BioTrain: Sub-MB, Sub-50mW On-Device Fine-Tuning for Edge-AI on Biosignals

Biosignals exhibit substantial cross-subject and cross-session variability, inducing severe domain shifts that degrade post-deployment performance for small, edge-oriented AI models. On-device adaptation is therefore essential to both preserve user privacy and ensure system reliability. However, existing sub-100 mW MCU-based wearable platforms can only support shallow or sparse adaptation schemes due to the prohibitive memory footprint and computational cost of full backpropagation (BP). In this paper, we propose BioTrain, a framework enabling full-network fine-tuning of state-of-the-art biosignal models under milliwatt-scale power and sub-megabyte memory constraints. We validate BioTrain using both offline and on-device benchmarks on EEG and EOG datasets, covering Day-1 new-subject calibration and longitudinal adaptation to signal drift. Experimental results show that full-network fine-tuning achieves accuracy improvements of up to 35% over non-adapted baselines and outperforms last-layer updates by approximately 7% during new-subject calibration. On the GAP9 MCU platform, BioTrain enables efficient on-device training throughput of 17 samples/s for EEG and 85 samples/s for EOG models within a power envelope below 50 mW. In addition, BioTrain's efficient memory allocator and network topology optimization enable the use of a large batch size, reducing peak memory usage. For fully on-chip BP on GAP9, BioTrain reduces the memory footprint by 8.1x, from 5.4 MB to 0.67 MB, compared to conventional full-network fine-tuning using batch normalization with batch size 8.

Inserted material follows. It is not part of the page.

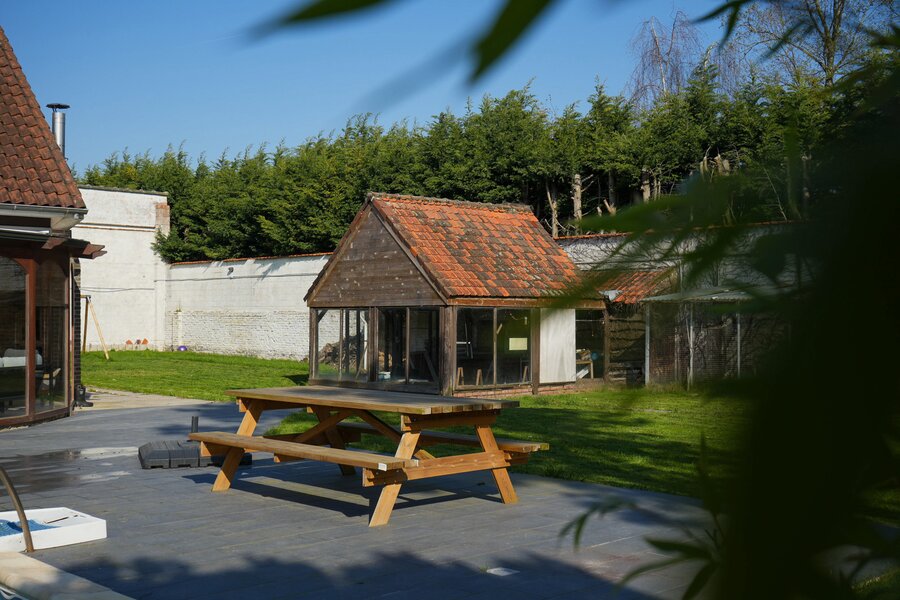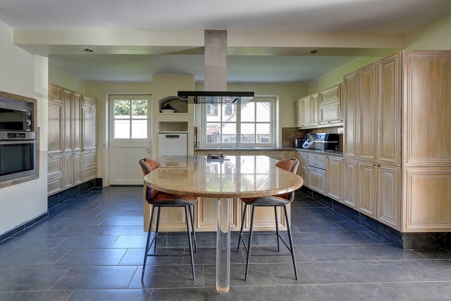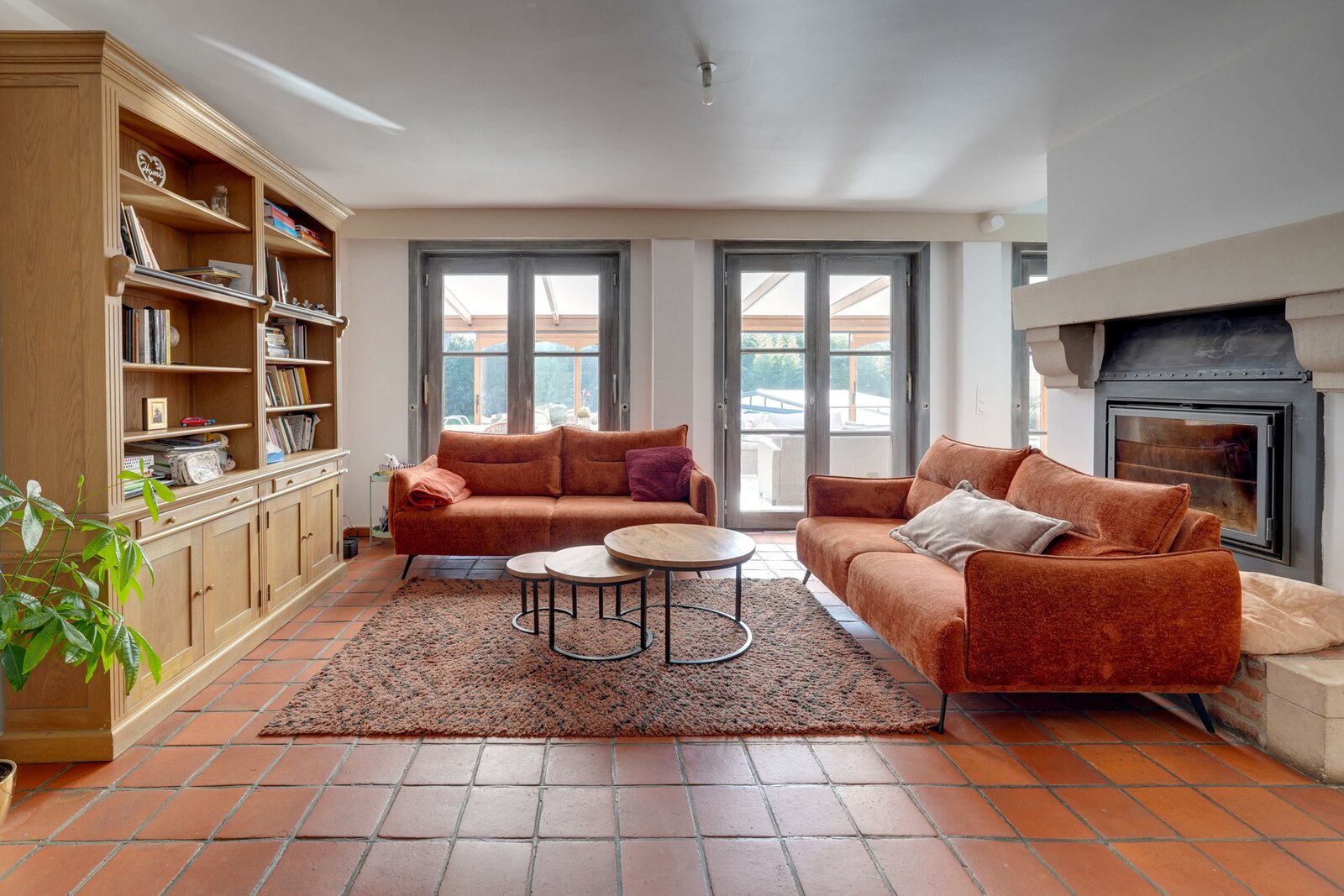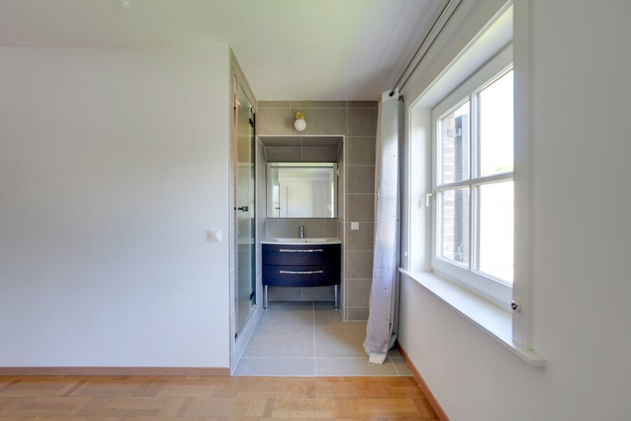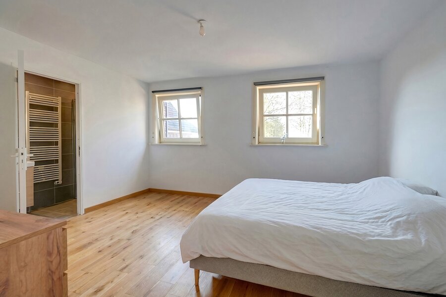 RARE in this area, very nice opportunity! Wooden double-glazed frames, tiled flooring on the ground floor, parquet flooring upstairs, electric underfloor heating + ceiling heating, double-sided wood-burning insert in the living room, alarm system, 3 rainwater tanks (+/- 30,000L in total) connected to all sanitary installations of the house, TOP location! IMPRESSIVE VOLUMES!

翻译：生物信号在跨对象和跨会话间存在显著变异性，导致严重的域偏移，从而降低小型边缘人工智能模型的部署后性能。因此，设备端自适应对于保护用户隐私和确保系统可靠性至关重要。然而，现有基于亚100毫瓦微控制器的可穿戴平台仅能支持浅层或稀疏自适应方案，原因是全反向传播所需的内存占用和计算成本过高。本文提出BioTrain框架，能够在毫瓦级功耗和亚兆字节内存约束下，实现对最先进生物信号模型的全网络微调。我们使用脑电图和眼电图数据集，通过离线与设备端基准测试验证BioTrain，涵盖新对象日间校准与纵向信号漂移自适应。实验结果表明，全网络微调相比未自适应基线最高可提升35%的准确率，在新对象校准中比仅更新最后一层的方法高出约7%。在GAP9微控制器平台上，BioTrain在低于50毫瓦的功耗范围内，实现了脑电图模型17样本/秒和眼电图模型85样本/秒的高效设备端训练吞吐量。此外，BioTrain的高效内存分配器与网络拓扑优化支持大批量处理，降低了峰值内存使用。在GAP9上进行全芯片内反向传播时，与使用批量归一化且批量大小为8的传统全网络微调相比，BioTrain将内存占用从5.4 MB压缩至0.67 MB，降低了8.1倍。